**EXERCISE PROMPT**
Below are some records. Write out the line that contains "Retrouvez sur le" and all lines after it, exactly, but not the pictures.

Stored dataset items
★ ★ ★ ★ ★ ★ ★
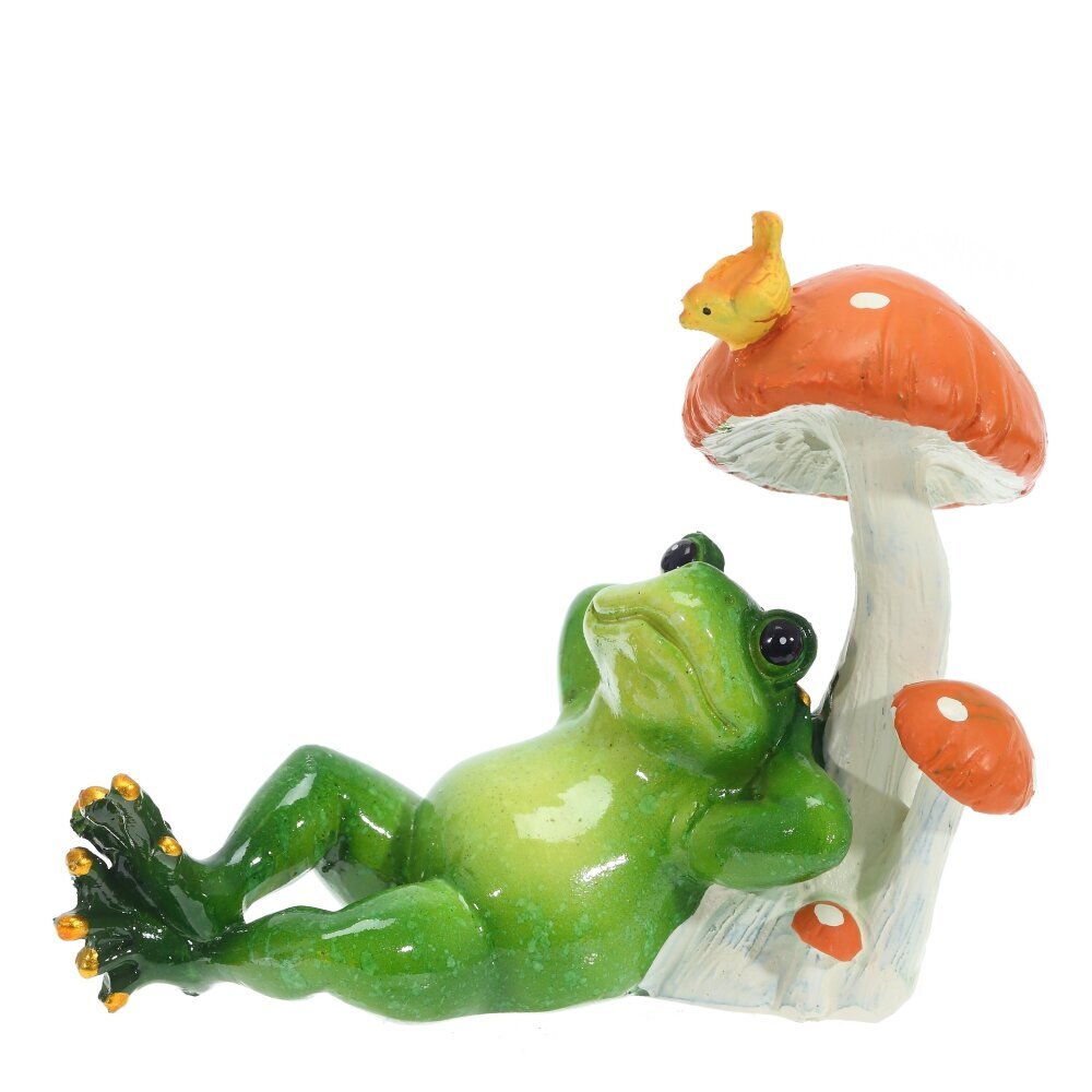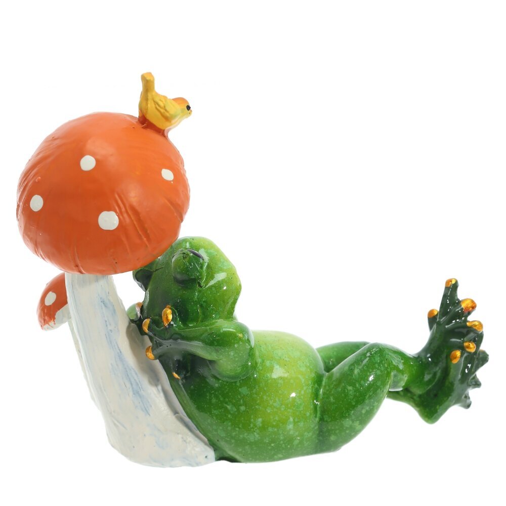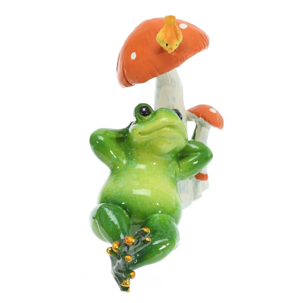 Декоративная фигурка, выполненная из полимерных материалов, изображает забавную зеленую лягушку, которая уютно устроилась, опираясь спиной на большой гриб с ярко-оранжевой шляпкой. Лягушка кажется полностью расслабленной и довольной, что придаёт композиции особую жизнерадостность. На верхушке большого гриба расположилась маленькая желтая птичка, что добавляет композиции ещё больше уюта и очарования. Детализированная проработка элементов, яркие насыщенные цвета и милый сюжет делают эту декоративную фигурку идеальным украшением для дома, сада или офисного рабочего стола. Она создаёт атмосферу уюта, гармонии с природой и беззаботности, привнося в интерьер нотку радости и позитива.
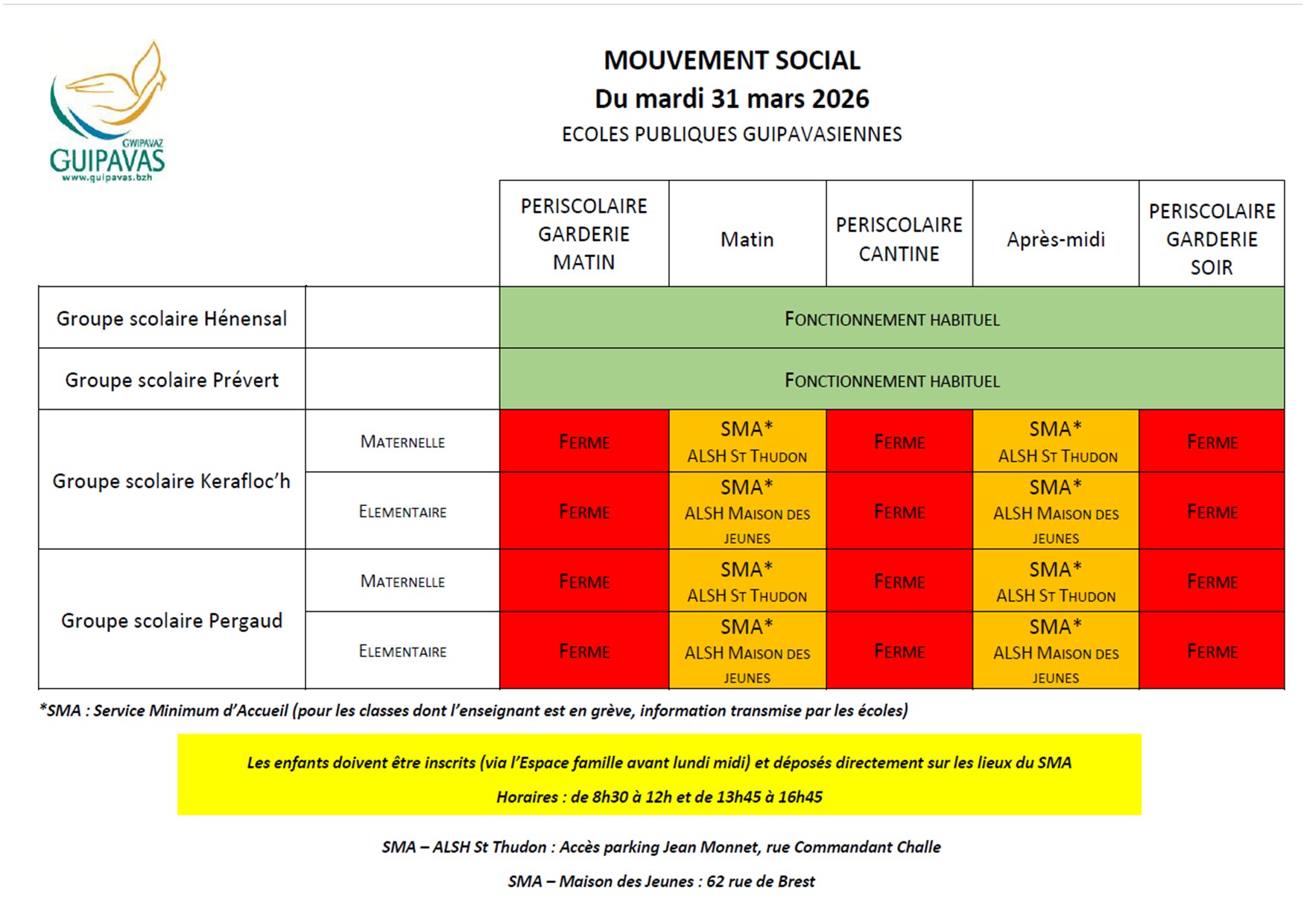 Retrouvez sur le site de l’Espace famille les informations relatives à ce mouvement pour les écoles publiques guipavasiennes.
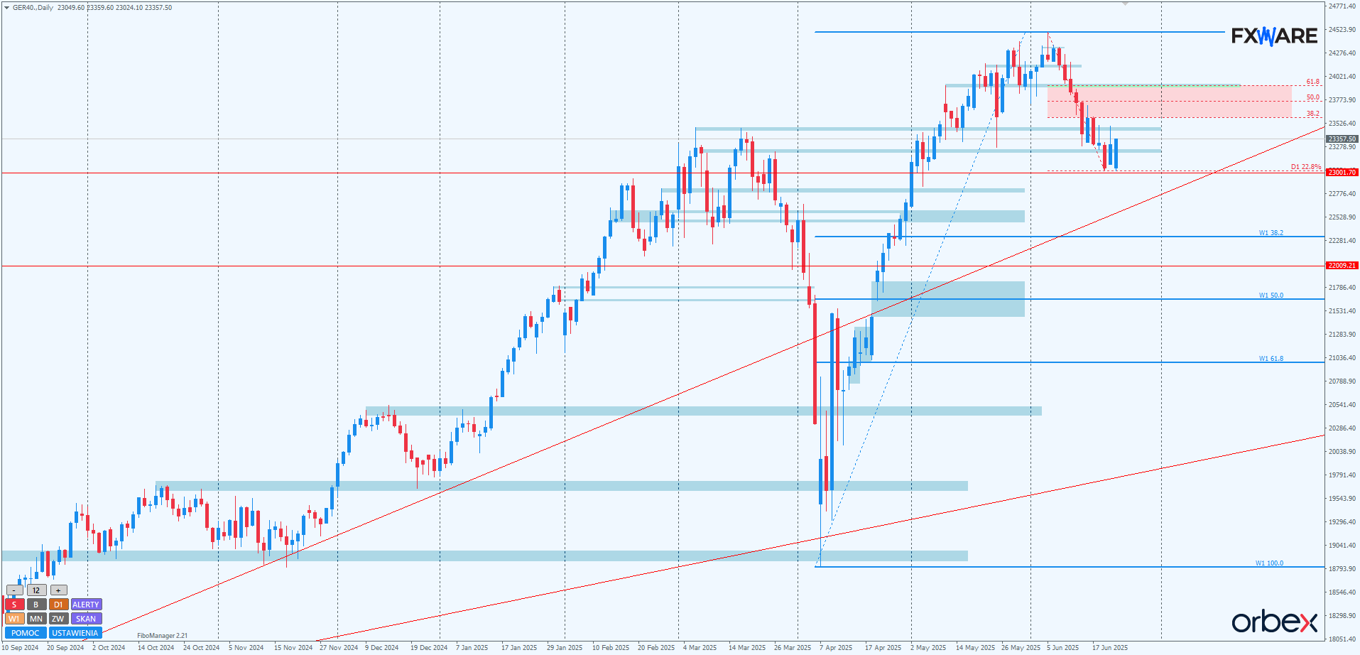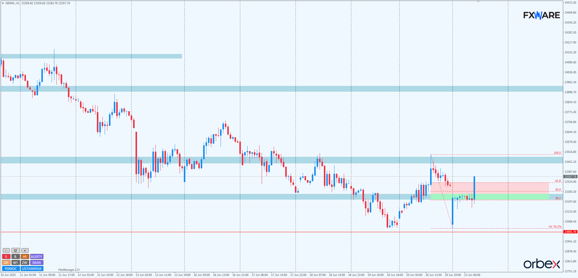 Na wykresie dziennym DAX rozpoczął notowania od prospadkowej luki z otwarciem niedaleko psychologicznego RN 23000. W ciągu kilku godzin zakres luki został wybrany i rozpoczęły się zmagania z okolicami 23300, gdzie znajdują się czubki prowzrostowych knotów z maja i szczyty wyznaczające double top z marca. Rejon ten od zeszłego tygodnia, zgodnie z ZZB, działa jako opór. Dzisiejsze zamknięcie – jeśli nastąpi powyżej 23300 i domknie obszar luki – może przynieść wzrosty w kierunku strefy zniesień Fibo. Niższe zamknięcie, nie engulfujące body piątkowej D1, potwierdzi aktualną sekwencję od 5 czerwca i uprawdopodobni kolejny atak na RN 23000.
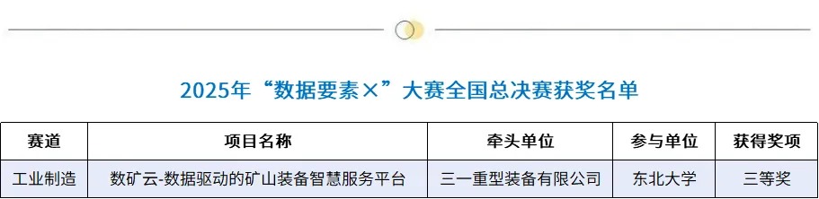 近日,2025年“数据要素×”大赛全国总决赛颁奖仪式举行。好体育投注网站重装联合东北大学申报的《数矿云-数据驱动的矿山装备智慧服务平台》项目斩获全国总决赛工业制造赛道三等奖。
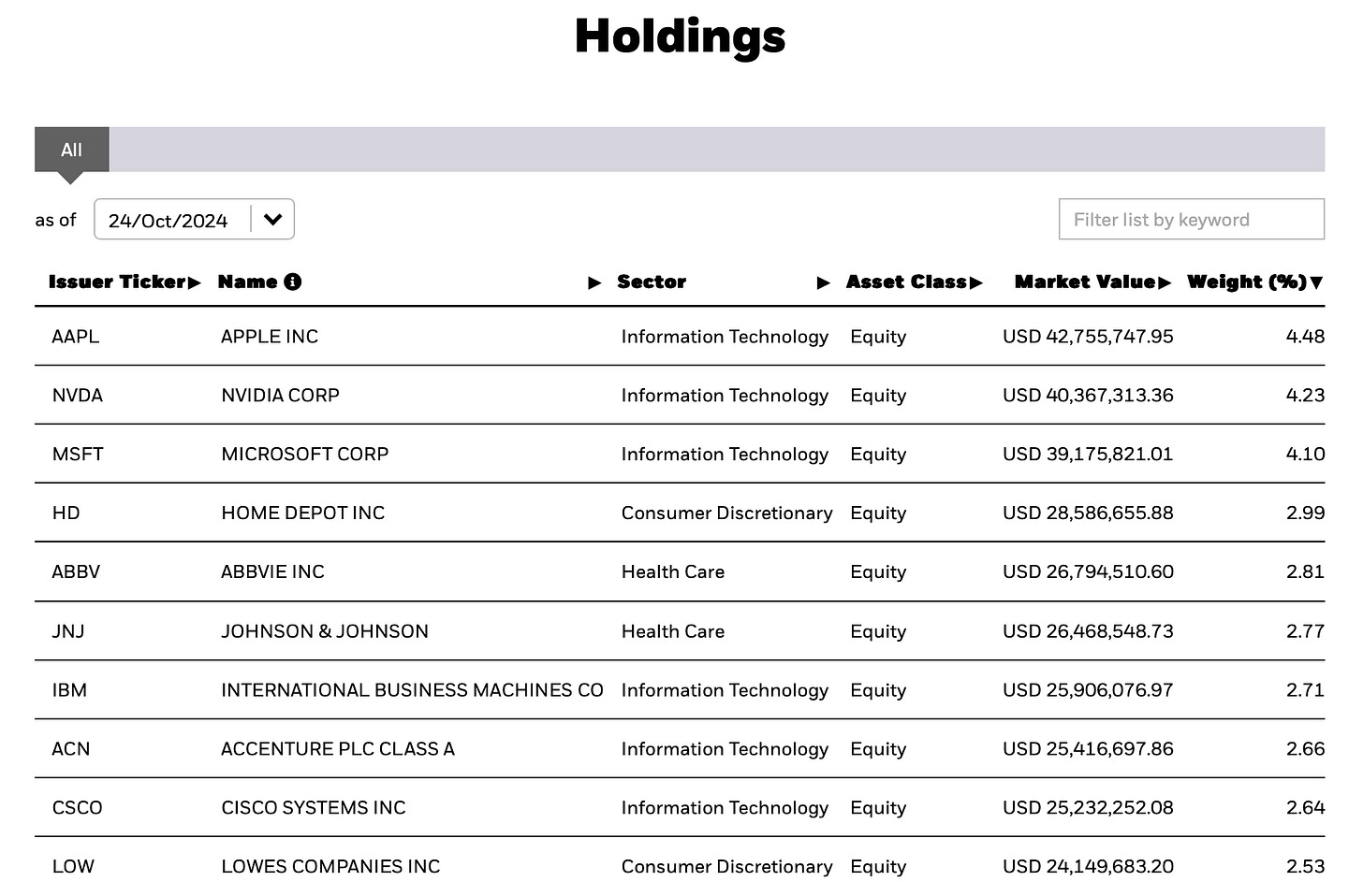 Here are the top 10 holdings:
★ ★ ★ ★ ★ ★ ★
**SOLUTION TO THIS PROBLEM**
 Retrouvez sur le site de l’Espace famille les informations relatives à ce mouvement pour les écoles publiques guipavasiennes.
 Na wykresie dziennym DAX rozpoczął notowania od prospadkowej luki z otwarciem niedaleko psychologicznego RN 23000. W ciągu kilku godzin zakres luki został wybrany i rozpoczęły się zmagania z okolicami 23300, gdzie znajdują się czubki prowzrostowych knotów z maja i szczyty wyznaczające double top z marca. Rejon ten od zeszłego tygodnia, zgodnie z ZZB, działa jako opór. Dzisiejsze zamknięcie – jeśli nastąpi powyżej 23300 i domknie obszar luki – może przynieść wzrosty w kierunku strefy zniesień Fibo. Niższe zamknięcie, nie engulfujące body piątkowej D1, potwierdzi aktualną sekwencję od 5 czerwca i uprawdopodobni kolejny atak na RN 23000.
 近日,2025年“数据要素×”大赛全国总决赛颁奖仪式举行。好体育投注网站重装联合东北大学申报的《数矿云-数据驱动的矿山装备智慧服务平台》项目斩获全国总决赛工业制造赛道三等奖。
 Here are the top 10 holdings:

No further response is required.